There's a squeaking of brakes.  It must come from our bus because it happens more than once.  Then there's a squeal from the younger child, and another.  The woman tries to hush him/her but fails.  The squealing continues, then the older one picks it up and starts squealing back.  The woman isn't happy, but eventually (I have no idea how or when) it stops.

The main part of the memory is my thinking and emotions at the time.  I realise that the small child is responding to the brakes, being at an age when sound input is of huge importance and the mind is working to make sense of it and produce answers (I am, or recently have been, a linguistics student at the time).  The older child is certainly responding to the younger, and might possibly have worked out what's going on and that they share a new way to annoy mother.

I'm pleased with myself for identifying these connections, and probably tell my girlfriend.

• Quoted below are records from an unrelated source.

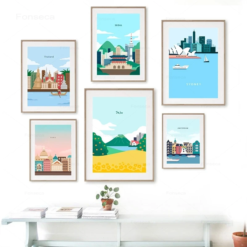 Пейзаж путешествия город аниме постер Марокко Нью-Йорк Париж Пейзаж Холст Живопись Печать настенное искусство картины для домашнего интерьера Декор
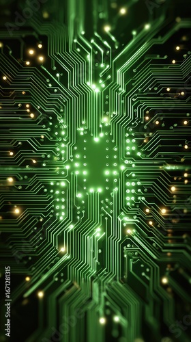 Intricate green circuit board, glowing lights
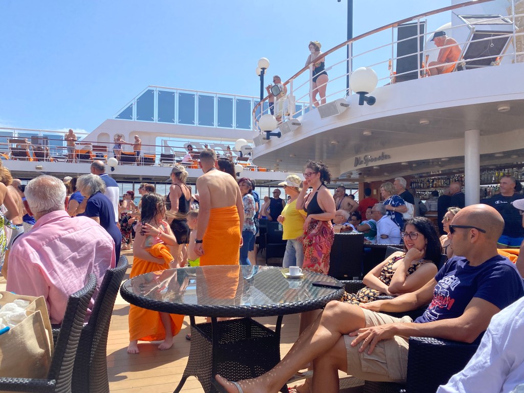 After breakfast we went to guest services to see about having our double charged Corfu excursion refunded to our credit card…. No! They can’t do that … the day before we disembark we can go to a machine and it will refund us in Euros….. we questioned this because it was their mistake not ours but we will end up paying twice for a non sterling transaction and we have to accept what ever exchange rate they give us in Euros…. Ummmmm not very happy that we have to pay for their mistake……. we went to go up on deck… however we were told we couldn’t use the lift because those that failed to turn up for the official Muster drill on Embarkation were doing it in the Theatre… so all lifts were out of use for at least 30 minutes…. John had a few words to say about that especially as due to my knee walking up the stairs in a non emergency situation was not good…. Just as John had finished his reasoned response the lift doors opened and people poured out… at which point the lady said we could use it as it was a ridiculous situation… something MSC should sort out… punishing people who have done the right thing seemed ludicrous… Anyway finally on deck and every sunlounger, on both levels, had a towel or a person on it … not an empty one in sight.. there were no staff preventing the reservation of loungers by towels even though the person probably wouldn’t be using it for hours…. shame !!!
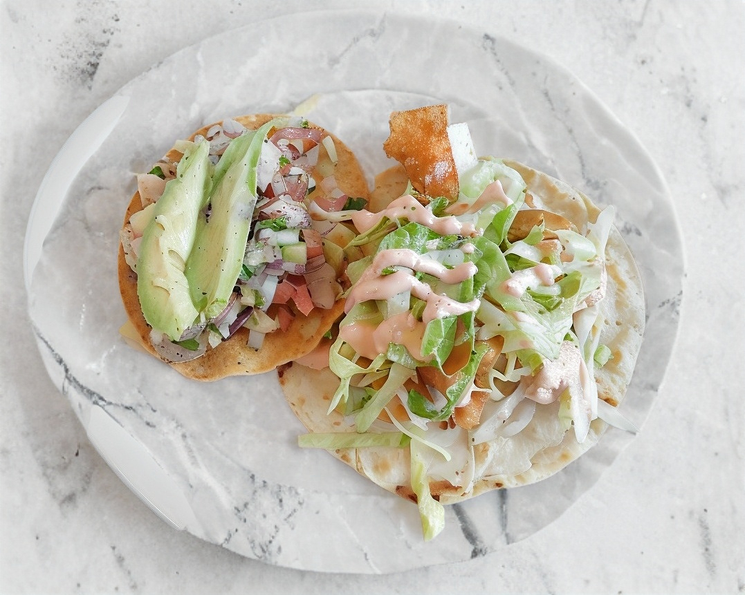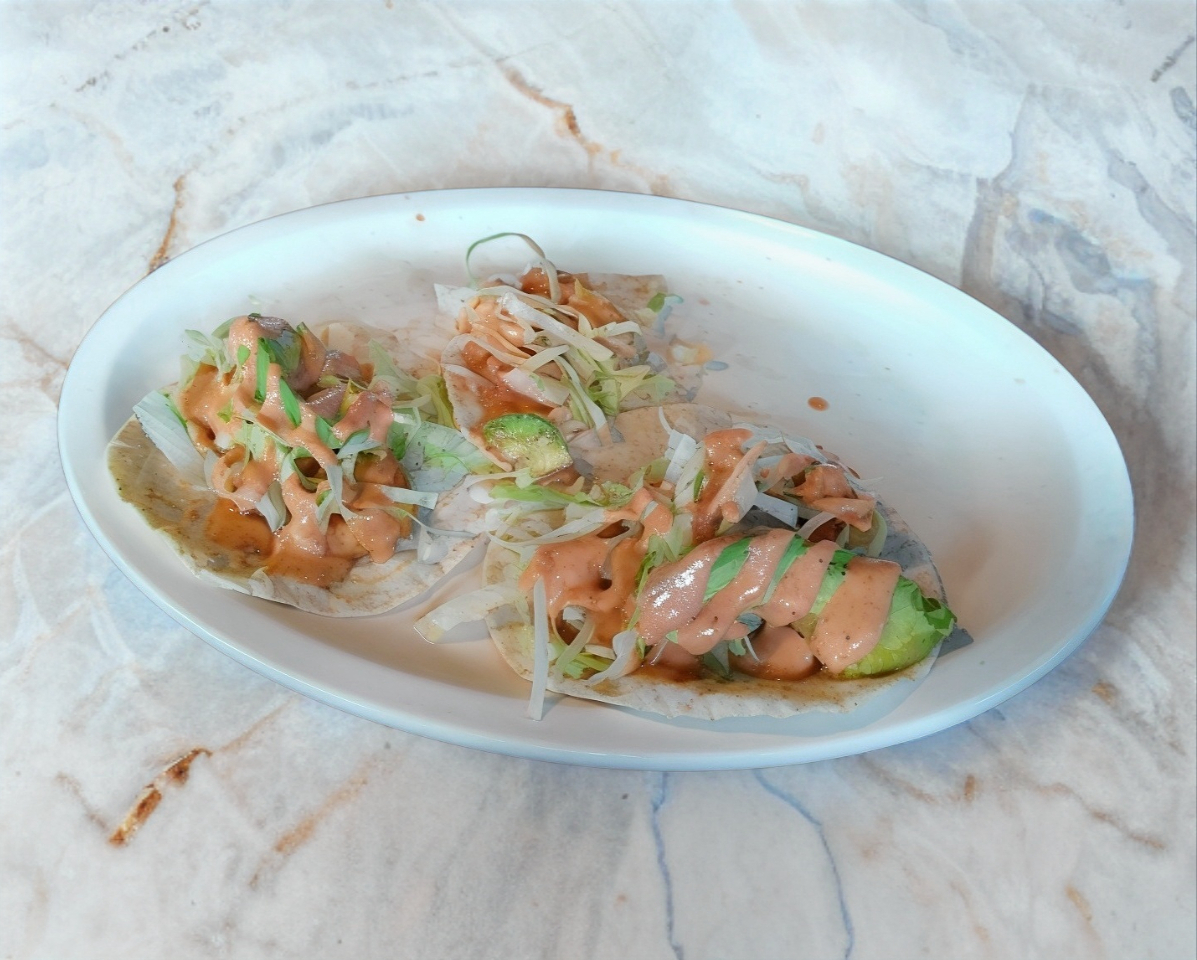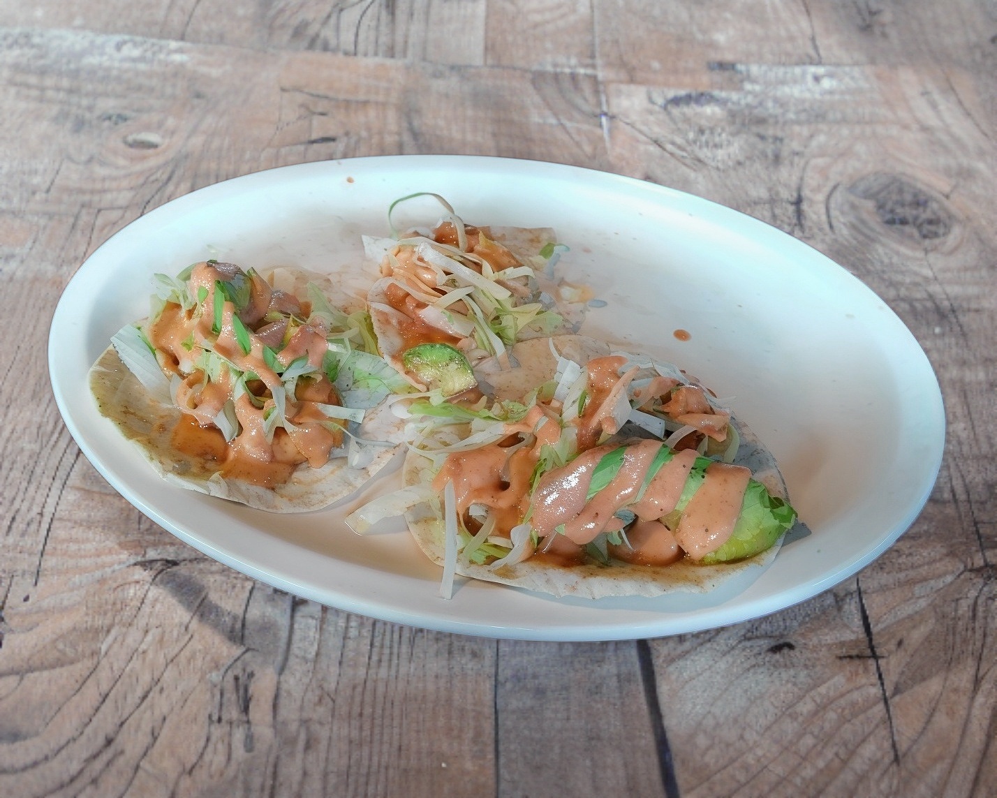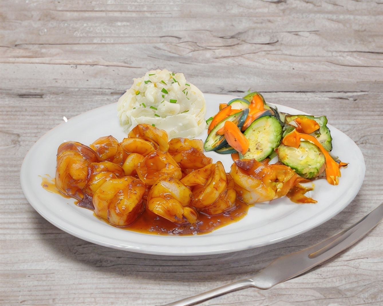 Bañados en salsa de mango chipotle casera, acompañados de pure de papa y verduras.

Also attached to the memory is a doubt, a worry that I've got the wrong end of the stick, that I'm making up the whole analysis out of nothing.

I've told this at some length, because I want to consider what this "memory" is.  The episode has no meaning to me without my pride in a small intellectual achievement.  Without that the bus ride would probably have faded completely, along with hundreds and thousands of others.  On the other hand, if someone said "Remember when you went to X?", other parts of the journey might suddenly come back, with or without the knowledge that those two children were travelling with me.

****

We don't store everything that comes into our eyes, ears etc.  We don't retain every fleeting emotion.  We couldn't, or we'd be full up and useless well before school age.

We select what to see (as is demonstrated beautifully by the Monkey Business Illusion) and we select what we remember (otherwise I'd be able to recall the sound of every keystroke I've used to type this short piece - I'd go mad).  Above all, we reconstruct memories when we retrieve them.  It's not just a matter of pressing Play and giving over body and mind to reliving a certain number of seconds from the past.

My bus memory is a single thing, not a period of time replayed.  I don't remember it as five minutes of nothing much, punctured by a few sounds and a flash of inspiration.

Of course we don't always retain what might be useful in later life, and we also sometimes store more than we ever realise (if somebody gives you the right prompt, you might be able to spout large amounts of what you learned at school, or remember an old friend who hasn't come to mind for decades).

And whether and how we remember something depends on our state at the time.  Am I stressed or relaxed?  Am I with somebody who prompts a memory or someone who should never hear what is suddenly clamouring to be let out?

"Remembering" is a process of construction. The story doesn't always come out the same, and sometimes the process of telling a memory might change what is associated with it, so that it's different next time you tell it (see my feeling of doubt above, which was probably added some years after the day itself).  And sometimes we remember things that didn't happen that way (consider newsman Brian Williams' recent bout of false memory).

How then, Professor Kaku, do you propose to upload, store and reproduce "my memory"?  And how might you converse with something which contains lots of information (or at least data) but has no current sensory and intellectual state and no reason to construct memories for your satisfaction?